List of Datasets for Artificial Intelligence, Data Science, Deep Learning and Machine Learning Projects.
This list is created for the research and experimentation of compassionate AI Lab.
- UCI Machine Learning Repository, maintains 436 data sets as a service to the machine learning community.
- MNIST – MNIST contains images for handwritten digit classification. It’s considered a great entry dataset for deep learning because it’s complex enough to warrant neural networks, while still being manageable on a single CPU. (We also have a tutorial.)

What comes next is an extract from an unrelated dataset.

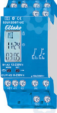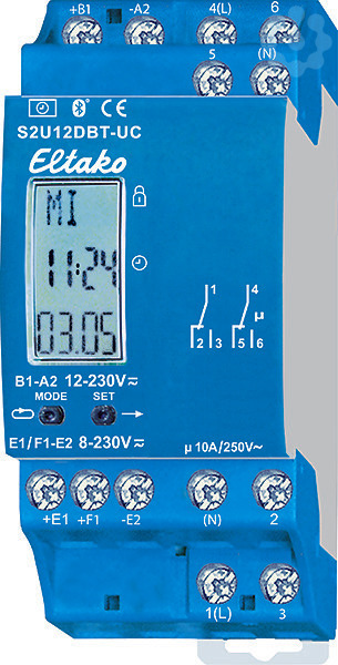 2-Kanal-Schaltuhr mit Display und Bluetooth mit der App ELTAKO Connect. 1+1 Wechsler potenzialfrei 10A/250V AC, mit DX-Technologie. Mit Displaybeleuchtung und Astro-Funktion. Stand-by Verlust nur 0,1-0,3 Watt. Versorgungsspannung 12..230V UC. Steuereingänge zentral EIN und zentral AUS für 8..230V UC, von der Versorgungsspannung und Schaltspannung galvanisch getrennt. Reiheneinbaugerät für Montage auf Tragschiene DIN-EN 60715 TH35. 2 Teilungseinheit = 36mm breit, 58mm tief. Mit der patentierten ELTAKO-Duplex-Technologie (DX) können die normalerweise potenzialfreien Kontakte beim Schalten von 230V/50Hz-Wechselspannung trotzdem im Nulldurchgang schalten und damit den Verschleiß drastisch reduzieren. Hierzu einfach den N-Leiter an die jeweilige Klemme (N) und L an 1(L) und/oder 4(L) anschließen. Dadurch ergibt sich ein zusätzlicher Standby-Verlust von je nur 0,1 Watt. Bis zu 60 Schaltuhr-Speicherplätze werden frei auf die Kanäle verteilt. Mit Datum und automatischer Sommerzeit-/Winterzeit-Umstellung. Gangreserve ohne Batterie ca. 7 Tage. Jeder Speicherplatz kann entweder mit der Astro-Funktion (automatisches Schalten nach Sonnenaufgang bzw. -untergang), der Einschalt- und Ausschaltzeit oder einer Impulsschaltzeit (Auslieferzustand 2 Sekunden) belegt werden. Die Ein- bzw. Ausschaltzeit Astro kann bis zu ± 2 Stunden verschoben werden. Zusätzlich kann eine von den Sonnenwenden beeinflusste Zeitverschiebung von bis zu ± 2 Stunden eingegeben werden. Zentralsteuerung EIN (Klemmen +E1/-E2) oder AUS (Klemmen +F1/-E2) mit Priorität im Betrieb ZEA (Automatik mit Zentralsteuerung). Die Einstellung der Schaltuhr erfolgt entweder über Bluetooth mit der App oder mit den Tasten MODE und SET. Eine Tastensperre ist möglich. Durch das 1. Drücken von MODE bzw. SET schaltet sich die Displaybeleuchtung ein. 20 Sekunden nach der letzten MODE- bzw. SET-Betätigung springt das Programm automatisch in die Normalanzeige zurück und die Displaybeleuchtung wird ausgeschaltet. Schaltuhr mit der App verbinden: SET drücken, im Display erscheint BLE (Bluetooth) und die ID der Schaltuhr. Nun kann die Verbindung mit der App hergestellt werden (Auslieferzustand PIN 123123). QR-Code auf der Bedienungsanleitung scannen, die App führt durch den Anlernvorgang. Nachdem die Verbindung zur App hergestellt wurde, erscheint BLE+ im Display. Die Tasten MODE und SET sind nun gesperrt. Nach 20 Minuten ohne Interaktion mit der Schaltuhr wird die Verbindung automatisch getrennt. PIN ändern: Der PIN für die Bluetooth-Verbindung kann in der App, unter dem Eintrag Geräte-PIN, geändert werden. Bluetooth-Reset (evtl. geänderten PIN löschen): Die Verbindung zur App muss getrennt sein. MODE und SET gleichzeitig 2 Sekunden drücken, RES blinkt im Display. Nun SET 2 Sekunden drücken, es erscheint bLE im Display. Wird mit SET bestätigt, wird der BLE-Reset ausgeführt, der PIN gelöscht und der Auslieferzustand hergestellt. Schaltuhr mit den Tasten MODE und SET einstellen: Sprache einstellen: Nach jedem Anlegen der Versorgungsspannung kann innerhalb von 10 Sekunden mit SET die Sprache gewählt und mit MODE bestätigt werden. D = deutsch, GB = englisch, F = französisch, IT = italienisch und ES = spanisch. Anschließend erscheint die Normalanzeige: Wochentag, Uhrzeit, Tag und Monat. Schnelllauf: Bei den nachfolgenden Einstellungen laufen die Zahlen schnell hoch, wenn die Eingabetaste länger gedrückt wird. Loslassen und erneut länger drücken ändert die Richtung. Uhrzeit einstellen: MODE drücken und danach bei PRG mit SET die Funktion UHR suchen und mit MODE auswählen. Bei S mit SET die Stunde wählen und mit MODE bestätigen. Ebenso bei M wie Minute verfahren. Datum einstellen: MODE drücken und danach bei PRG mit SET die Funktion DAT suchen und mit MODE auswählen. Bei J mit SET das Jahr wählen und mit MODE bestätigen. Ebenso bei M wie Monat und T wie Tag verfahren. Als letzte Einstellung in der Reihenfolge blinkt der Wochentag. Dieser kann mit SET eingestellt und mit MODE bestätigt werden. Weitere Einstellungen wie Standort für Astro-Funktion, Handschaltung EIN oder AUS, Sommer-/Winterzeit-Umstellung, Zufallsmodus, Tastensperre und Eingabe der Schaltuhrprogramme gemäß Bedienungsanleitung.

- CIFAR – The next step up in difficulty is the CIFAR-10 dataset, which contains 60,000 images broken into 10 different classes. For a bigger challenge, you can try the CIFAR-100 dataset, which has 100 different classes.
- ImageNet – ImageNet hosts a computer vision competition every year, and many consider it to be the benchmark for modern performance. The current image dataset has 1000 different classes.
- YouTube 8M – Ready to tackle videos, but can’t spare terabytes of storage? This dataset contains millions of YouTube video ID’s and billions of audio and visual features that were pre-extracted using the latest deep learning models.
- Kaggle Datasets – Open datasets contributed by the Kaggle community. Here, you’ll find a grab bag of topics. Plus, you can learn from the short tutorials and scripts that accompany the datasets.
- r/datasets – Open datasets contributed by the Reddit community. This is another source of interesting and quirky datasets, but the datasets tend to less refined.